London: Labour's new women's spokesman Gloria de Piero yesterday defended doing a topless photoshoot when she was a schoolgirl, saying she understood why girls make the decision to strip off.
According to the Daily Mail report, the glamorous 40-year-old former GMTV political editor was 15 when she posed for the pictures to earn money to buy herself some new clothes.
Newly promoted to Ed Miliband’s Shadow Cabinet, she revealed yesterday that she thought topless Page 3 were ‘totally out of date’.
But she added: ‘I’ve always said I don’t blame the girls. I understand how they might think it would be a way out.’
Ms de Piero said that when the truth about her photos emerged, Harriet Harman – who was the women and equalities minister at the time – provided her with ‘amazing’ support.
She told her: ‘Don’t worry, it’s absolutely fine Gloria, we wouldn’t judge you for that,’ and urged her not to ‘change’ or get ‘buttoned up’.
Born in Bradford, to Italian immigrants, Miss de Piero – who once came ahead of Kate Moss in FHM magazine’s list of the Sexiest Women In The World – has rarely spoken about her risque photoshoot.
After her secret was uncovered in 2010, the then-parliamentary candidate explained how she had been motivated by a lack of spending money after her father was forced to give up his job due to ill health.
‘It was simply that I needed some money to buy clothes,’ she said. ‘When you are 15 or 16 and you want to fit in and wear nice things, but you don’t have any and put on your school uniform even when you are allowed to be in your own clothes, nothing matters more.’
And she said that when her parents found out, they ‘went a lot less mental than I thought they would’.

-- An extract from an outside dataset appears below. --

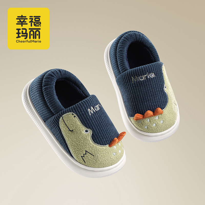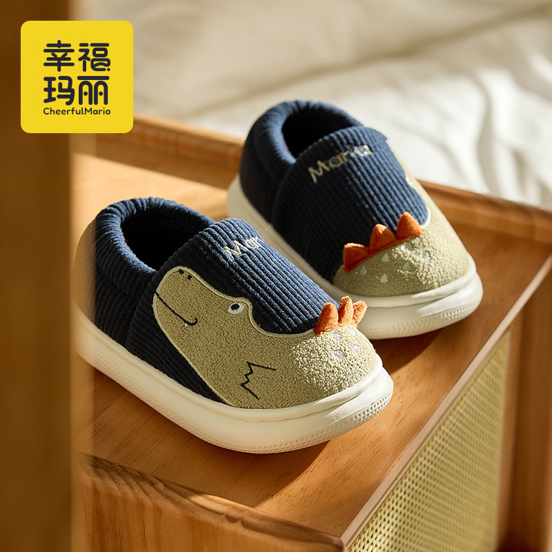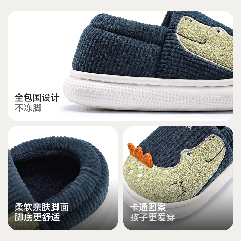室内包跟保暖男孩中大童宝宝家居毛绒宝宝棉鞋 儿童棉拖鞋 男童冬季

Explaining how the memory still helped motivate her to campaign against sexism, she said: ‘I can understand why a girl might feel she has no option but to do something like that.’
The former breakfast television presenter, who married her long-term partner last year, also revealed yesterday that at the age of about 37 she decided to concentrate on her political career rather than starting a family.
She said: ‘I’m 40 now and I’ve always said I don’t want kids, but that decision will be removed from me incredibly soon.'
But Ms de Piero, who was elected in 2010 and succeeded the disgraced Geoff Hoon in the Nottinghamshire seat of Ashfield, insisted that choosing not to have children would not harm her politically.
She has previously said she ‘never had that maternal urge’, and reacted angrily to former Tory minister Tim Loughton’s comments that Lib Dem Sarah Teather made a poor families minister because she was childless.
‘Different rules seem to apply to women,’ she said. ‘When do you ever hear someone saying “oh you might not want to employ a dad, he might have to take time off for the kids”? The most important thing is being fulfilled and this job makes me very fulfilled.’
Ms de Piero went on to say she wanted to get more ‘real’ women involved in politics. And she explained that she is still more comfortable with the style of politics outside Parliament, adding: ‘A lot of people think politics is something that men do when they’re shouting at each other.
‘I want to bring women’s views, particularly the sort of women not normally consulted, to the top table of the Labour Party.’
Ms de Piero was one of three female former breakfast presenters promoted in last week’s reshuffles by the main parties.
Former GMTV host Esther McVey became Iain Duncan Smith’s number two at the Department for Work and Pensions while Anna Soubry, a presenter on This Morning in the 1980s, became the first woman MP to serve as a defence minister.